Rio 2: Sustainable Production
Morgan, contract furniture designer and manufacturer, has combined skills and expertise with architect Mehran Gharleghi of studio INTEGRATE to launch Rio 2, a new collection of tables for the contract market that include 3D printed components. Here we introduce this collection and the sustainable nature of it’s design.
The first of its kind within the sector to include this cutting edge technology with a commercially viable price point, the sophisticated and luxurious collection is not to be missed.
The first Rio collection was launched in 2016, combining the skills and expertise of the Morgan team with Mehran Gharleghi’s knowledge of new technologies to explore the relationship between the craft of yesterday and the craft of tomorrow.
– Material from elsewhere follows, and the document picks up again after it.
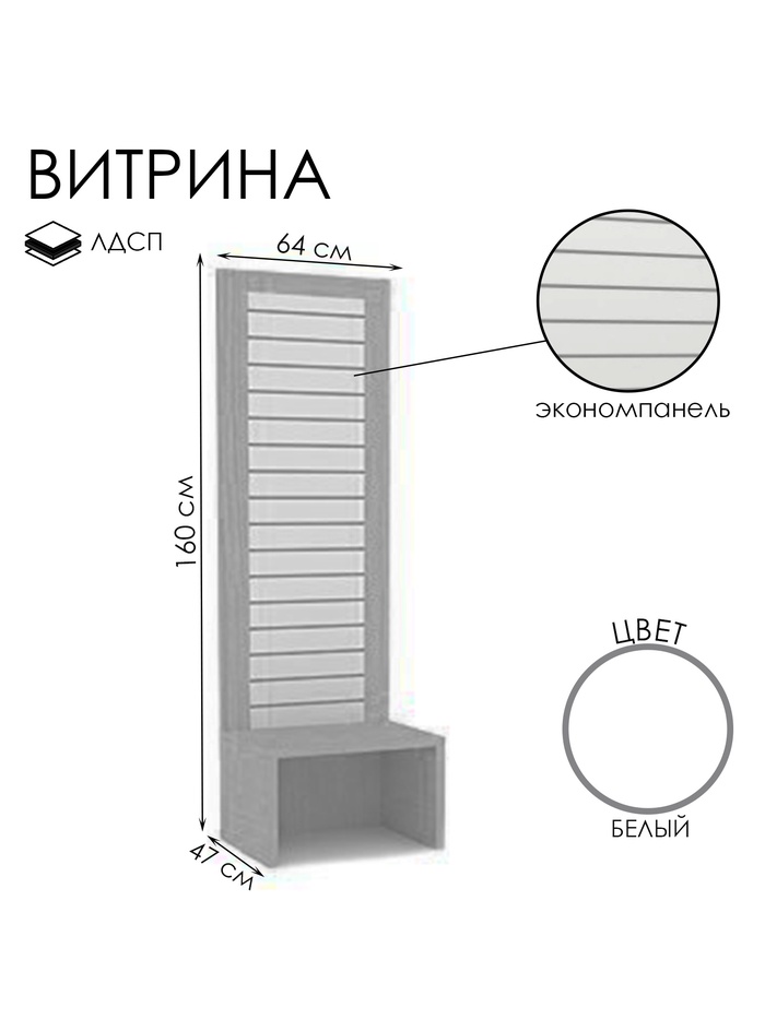 Витрина открытая с экономпанелью, 640×470×1600, ЛДСП, белая

The second generation sees two new table designs. With this version, a greater understanding of the technology provided the designers with increased creative scope, resulting in a more geometric and regular aesthetic, as opposed to the organic feel of the first generation. The use of materials was also reduced and refined, adding further options to the entirety of the collection. On the edge of design and technology, the tables are an iconic piece at an affordable price.
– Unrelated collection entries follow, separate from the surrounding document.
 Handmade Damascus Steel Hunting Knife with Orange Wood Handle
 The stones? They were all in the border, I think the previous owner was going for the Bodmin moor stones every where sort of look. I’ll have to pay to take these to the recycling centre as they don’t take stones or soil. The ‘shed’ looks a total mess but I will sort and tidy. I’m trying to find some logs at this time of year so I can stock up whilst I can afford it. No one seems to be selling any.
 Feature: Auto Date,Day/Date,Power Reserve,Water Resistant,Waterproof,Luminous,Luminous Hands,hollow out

The collection uses a polyamide 3D printed component as the main structure with which to attach a glass or timber top and timber turned legs. The polyamide used for Rio 2 has excellent mechanical properties as well great recyclability potential. For example, recycled polyamide can be used in textile industries. It is also well suited to form carbon-fiber-reinforced, graphene-nanoplatelets-reinforced or metal-porous-polymer composite structures.
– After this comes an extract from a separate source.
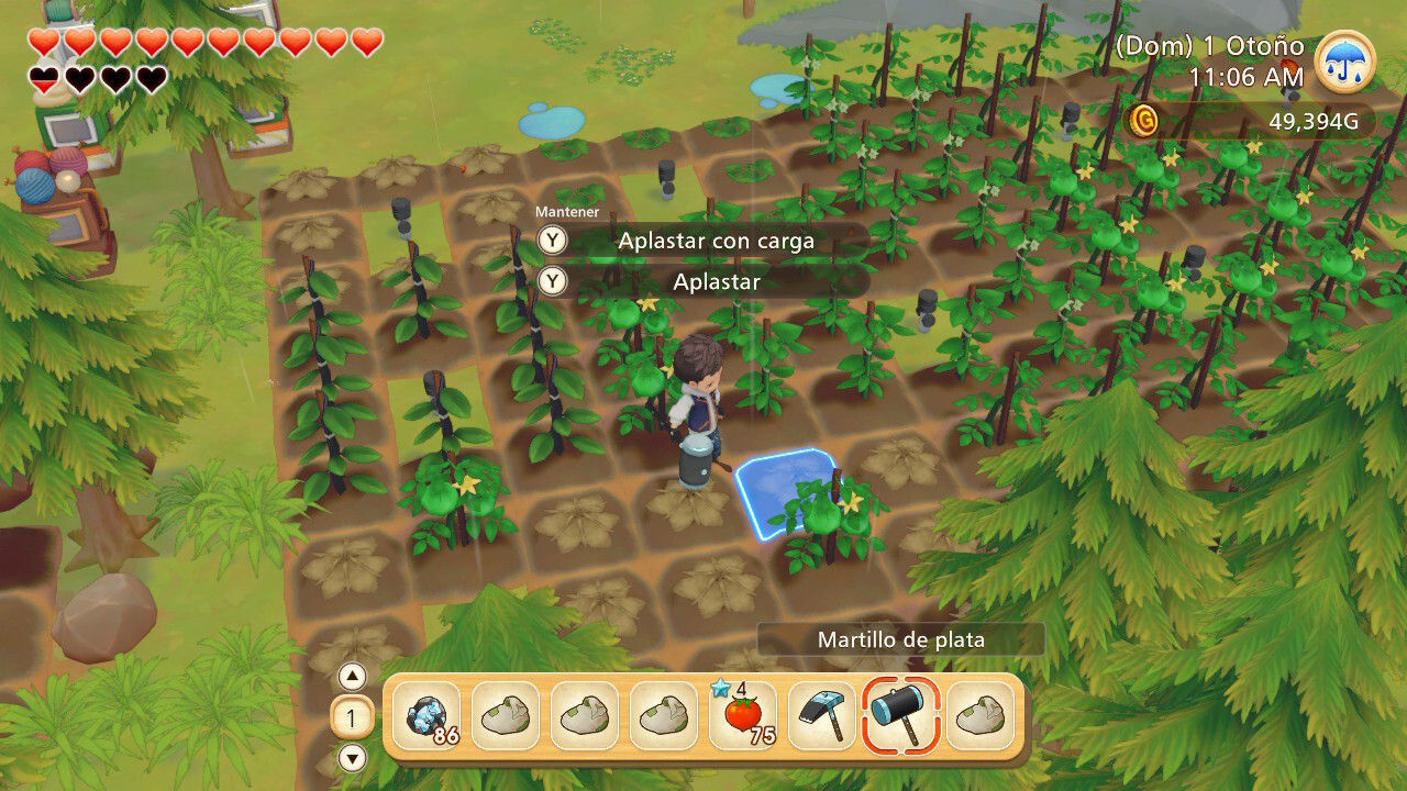 Como ya ocurría con el remake de Friends of Mineral Town del año pasado, aquí podremos empezar la partida en fácil o normal, haciendo la experiencia un poco más accesible para los nuevos jugadores el primero de ellos. Sin importar el que se elija, las novedades hacen que sea más fácil entrar que en anteriores Story of Seasons, aunque los inicios siguen siendo duros. Cuando llegamos a la granja todo está hecho unos zorros: bajo el bosque, la maleza, los charcos y el corral derruido antaño había, probablemente, una zona de cultivo bien arada y cuidada.

The production technique for Rio is an additive process and therefore not only offers design freedom, but also a sustainable manufacturing solution, reducing waste significantly. Unlike subtractive manufacturing, additive manufacturing (3D printing) only utilises the material necessary to produce an artefact. It adds the material layer by layer until the item is complete. Excess powder is then recycled and used for subsequent production.
As 3D printing becomes increasingly accessible, some manufacturers are choosing to run their production in house, which reduces transportation and improves logistics.
Both Mehran and Katerina Zachariades, Morgan’s design director, approach design in different ways; Katerina sketches and draws to scale with a pen, whilst Mehran designs digitally through modelling. Initially this resulted in a series of miniature 3D printed resin prototypes from Mehran and then full-scale models from Morgan. These two processes allowed the team to review the design both aesthetically and in terms of scale and proportions giving an immediate sense of reality.
Through the design process, Morgan and Mehran managed to increase the factor of strength three fold. This was done by introducing geometric differentiation in various parts of the table according to the structural analysis conducted by Morgan Studio. Digital analyses were informed by previous Furniture Industry Research Association (FIRA) testing and guidelines. By establishing an iterative feedback loop between design and analysis, the team perfectly balanced the cost, strength and aesthetic of the collection.